Entry - #618935 - GRANULOMATOUS DISEASE, CHRONIC, AUTOSOMAL RECESSIVE, 5; CGD5 - OMIM

 
ICD+
# 618935

GRANULOMATOUS DISEASE, CHRONIC, AUTOSOMAL RECESSIVE, 5; CGD5


Alternative titles; symbols

GRANULOMATOUS DISEASE, CHRONIC, DUE TO CYBC1 DEFICIENCY


Phenotype-Gene Relationships

Location Phenotype Phenotype
MIM number 		Inheritance Phenotype
mapping key 		Gene/Locus Gene/Locus
MIM number
17q25.3 Chronic granulomatous disease 5, autosomal recessive 618935 AR 3 CYBC1 618334
Clinical Synopsis
 
Phenotypic Series
 

INHERITANCE
- Autosomal recessive
GROWTH
Height
- Short stature
HEAD & NECK
Ears
- Otitis media
Mouth
- Oral infections
RESPIRATORY
- Recurrent respiratory infections
Larynx
- Tonsillitis
Lung
- Interstitial fibrosis
ABDOMEN
Gastrointestinal
- Inflammatory bowel disease
- Granulomatous colitis
- Anal fissures
- Anal abscess
SKIN, NAILS, & HAIR
Skin
- Acne
- Eczema
- Skin infections
HEMATOLOGY
- Hemolytic anemia (in some patients)
IMMUNOLOGY
- Recurrent infections
- Increased susceptibility to catalase-positive organisms
- Herpetic infections
- Lymphadenitis
- Neutrophils show impaired respiratory burst due to NADPH oxidase deficiency
- Autoimmune disease (in some patients)
- Elevated inflammatory markers
- Immune dysfunction
- Lymphopenia
- Fever
MISCELLANEOUS
- Onset in the first or second decade
- Variable phenotype
- Invasive infections such as sepsis (in some patients)
- Bone marrow transplant is curative
MOLECULAR BASIS
- Caused by mutation in the cytochrome b(-254) chaperone 1 gene (CYBC1, 618334.0001)
▲ Close

TEXT

A number sign (#) is used with this entry because of evidence that autosomal recessive chronic granulomatous disease-5 (CGD5) is caused by homozygous mutation in the CYBC1 gene (618334) on chromosome 17q25.

Description

Autosomal recessive chronic granulomatous disease-5 (CGD5) is a primary immunodeficiency characterized by onset of recurrent infections and severe colitis in the first decade of life. Patients often present with features of inflammatory bowel disease and may show granulomata on biopsy. Patients are particularly susceptible to catalase-positive organisms, including Burkholderia cepacia, Legionella, and Candida albicans. Some patients may develop autoinflammatory symptoms, including recurrent fever in the absence of infection, hemolytic anemia, and lymphopenia. Additional features may include short stature, viral infections, cutaneous abscesses, pulmonary infections, and lymphadenitis. Hematopoietic bone marrow transplant is curative. The disorder results from impaired oxidative burst via the NAPDH oxidative complex in macrophages and neutrophils (summary by Arnadottir et al., 2018 and Thomas et al., 2019).

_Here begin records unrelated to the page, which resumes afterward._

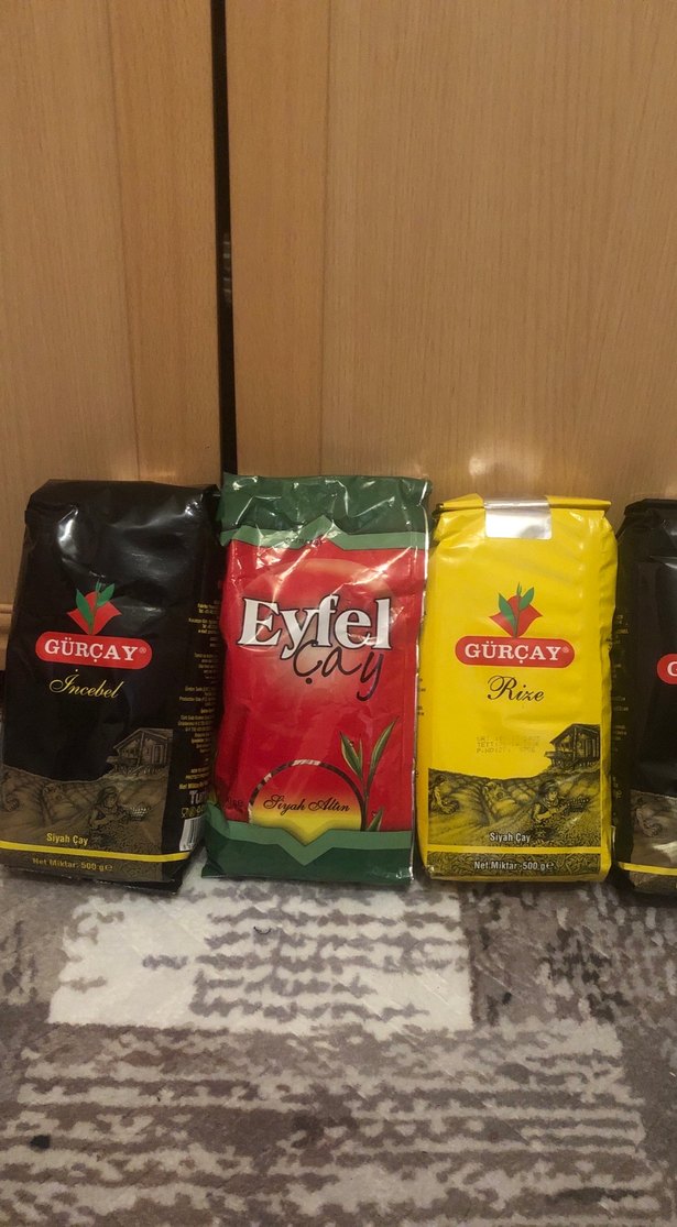 Gürçay ve Eyfel markalarına ait farklı çay çeşitlerini içeren koyu ve haki renkli paketler.
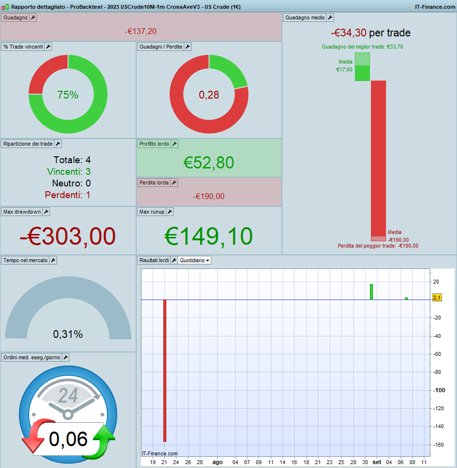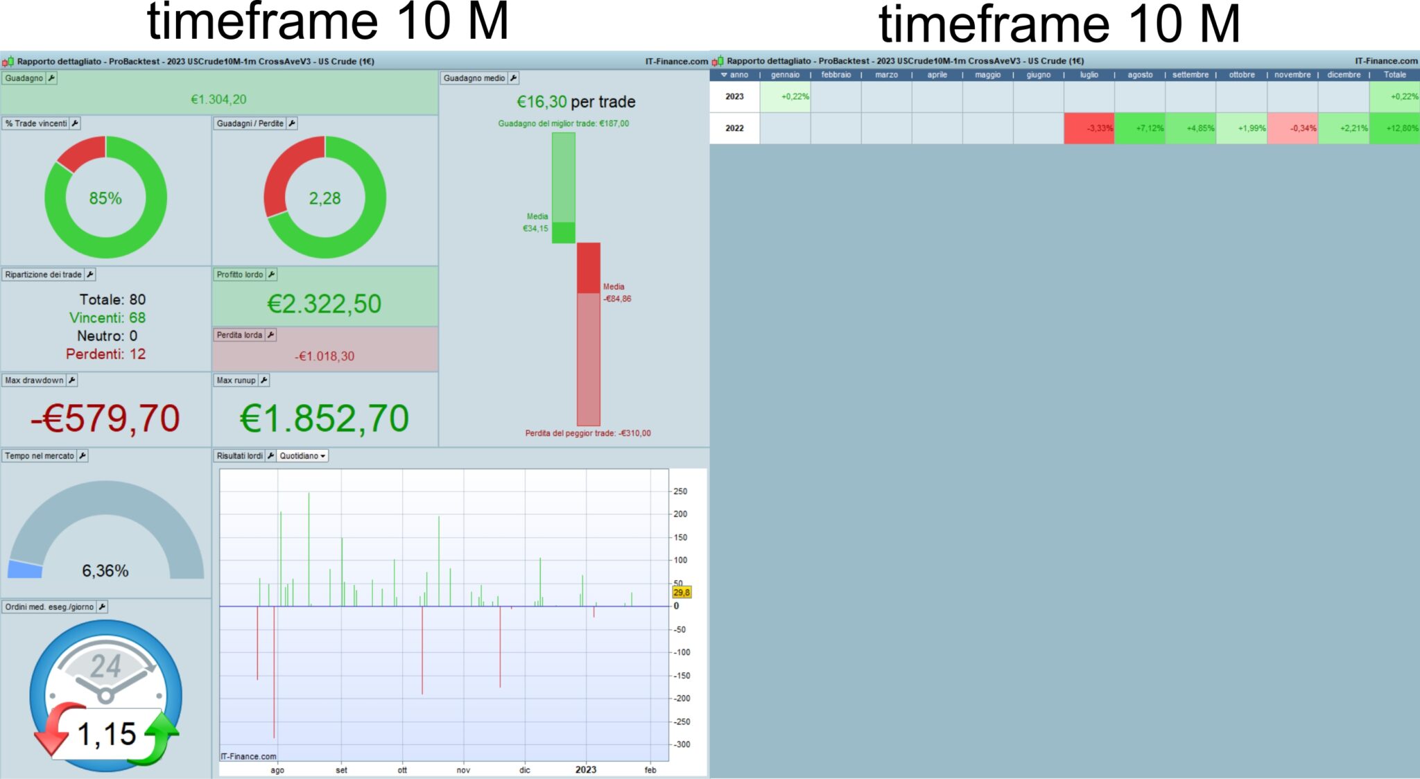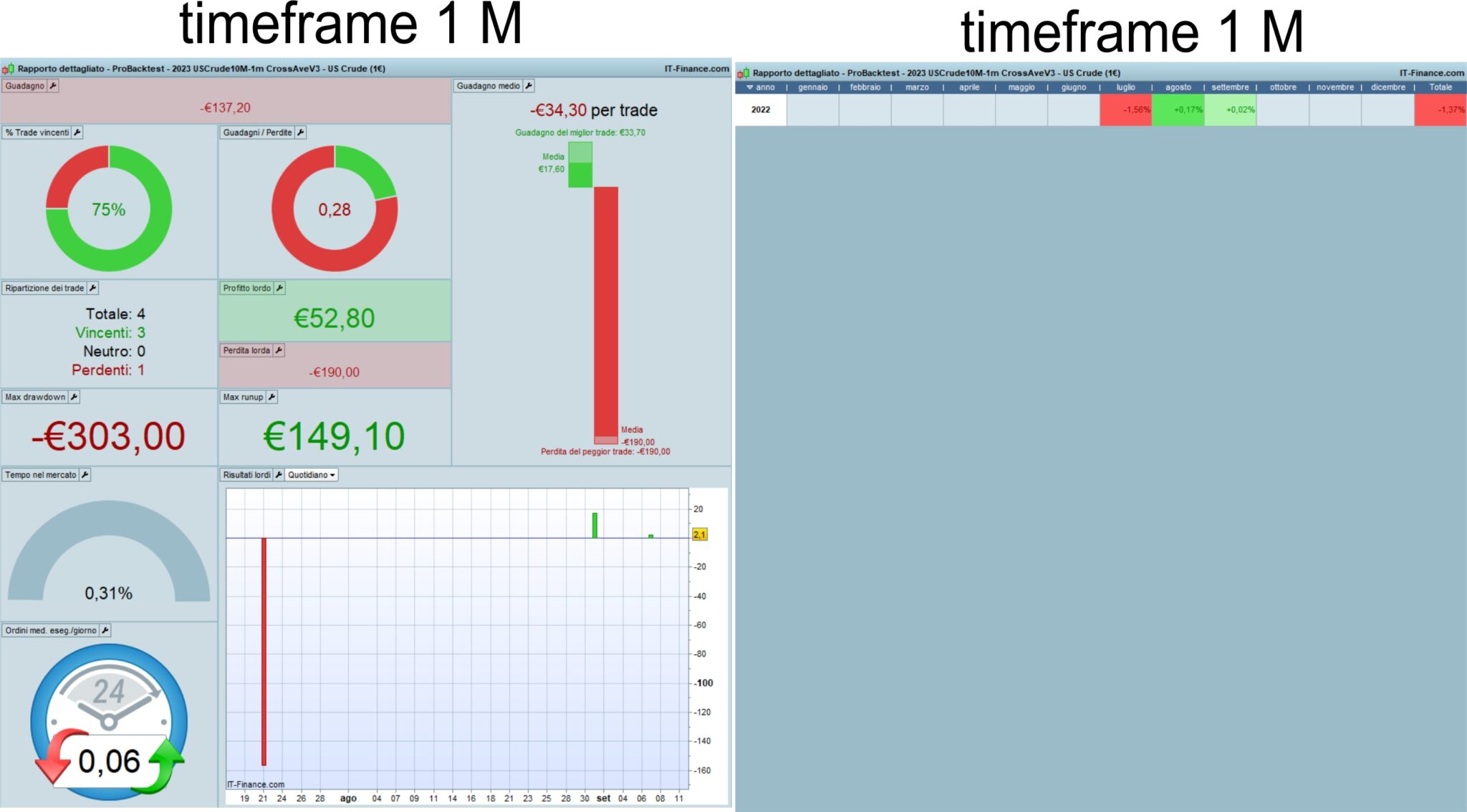 Dalle tue foto non si capisce bene quale siano i TF usati, le unità ed il periodo di backtest.
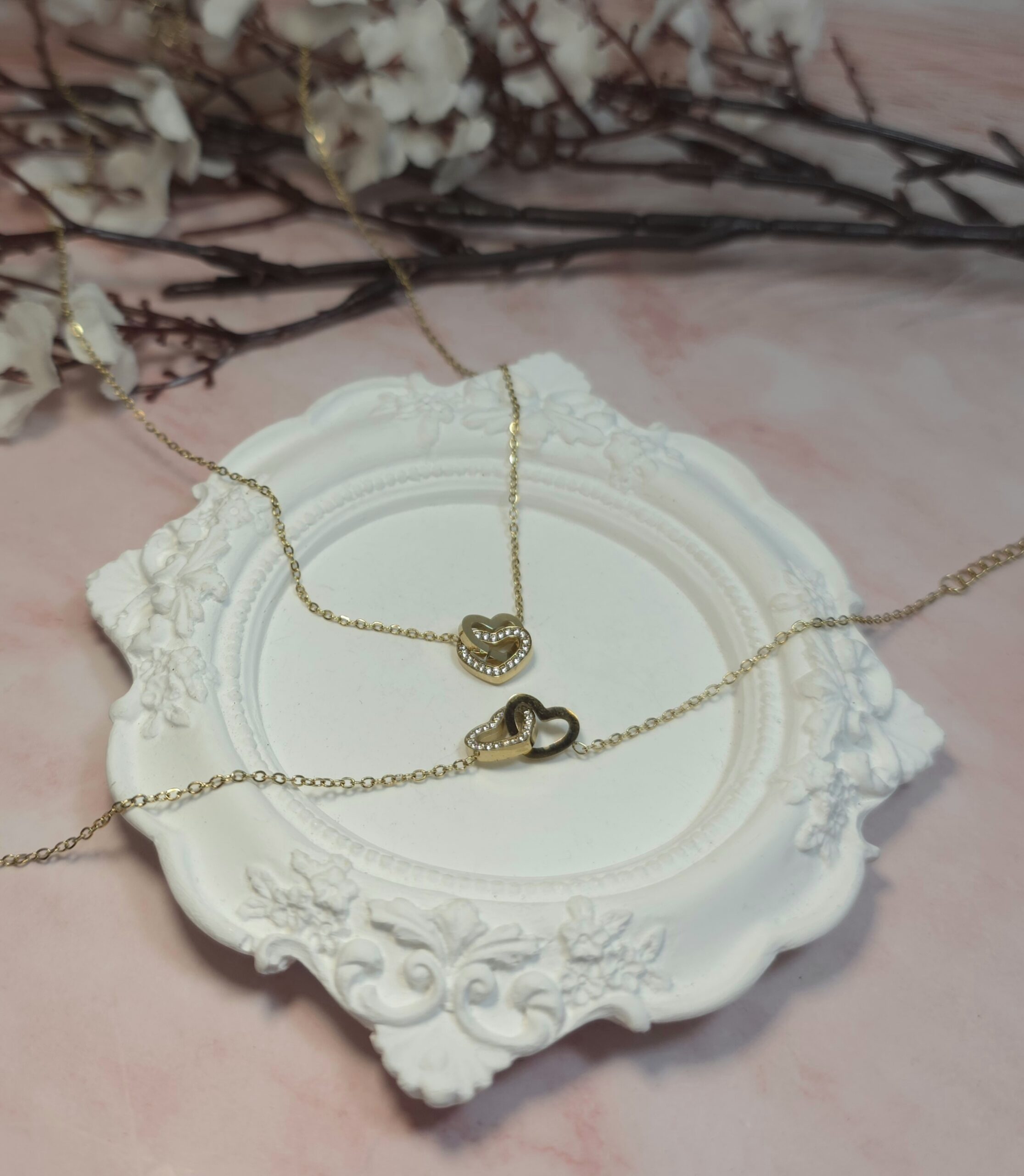 Ατσάλινο σετ σε χρυσό χρώμα, αποτελούμενο από κολιέ και βραχιόλι. Έχουν αυξομείωση. Είναι υποαλλεργικά.
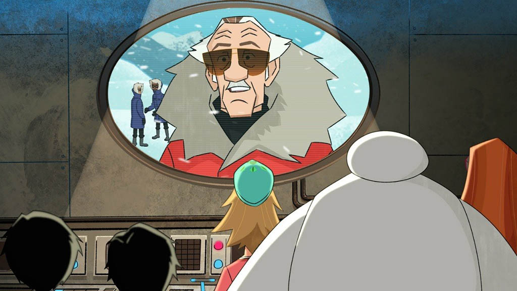 Пожалуй, самое абсурдное и неожиданное камео Стэна Ли — появление в мультфильме вечных конкурентов DC, единственное в своём роде. Более того, Стэн здесь откровенно хохмит по этому поводу: сначала говорит, что он в мультике DC и ему нужно уходить отсюда, а позже — что ему наплевать, что это не Марвел, он обожает камео.

For a discussion of genetic heterogeneity of CGD, see the X-linked form (CGDX; 306400).

Clinical Features

Monies et al. (2017) and Thomas et al. (2019) reported a boy, born of Saudi Arabian parents, with CGD5 and evidence of autoimmune disease. He first presented in infancy with a localized abscess following BCG vaccination. He was well until about 8 years, but had growth retardation, short stature, and recurrent pulmonary infections with tonsillitis, pharyngitis, and lymphadenopathy. He later developed febrile episodes associated with elevated inflammatory markers, hemolytic anemia, and lymphopenia. Additional features included declining pneumococcal antibody responses, declining immunoglobulin levels, hepatosplenomegaly, and granulomata in his lungs and bone marrow. Patient neutrophils showed impaired respiratory burst activity compared to controls. He underwent bone marrow transplant and recovered well.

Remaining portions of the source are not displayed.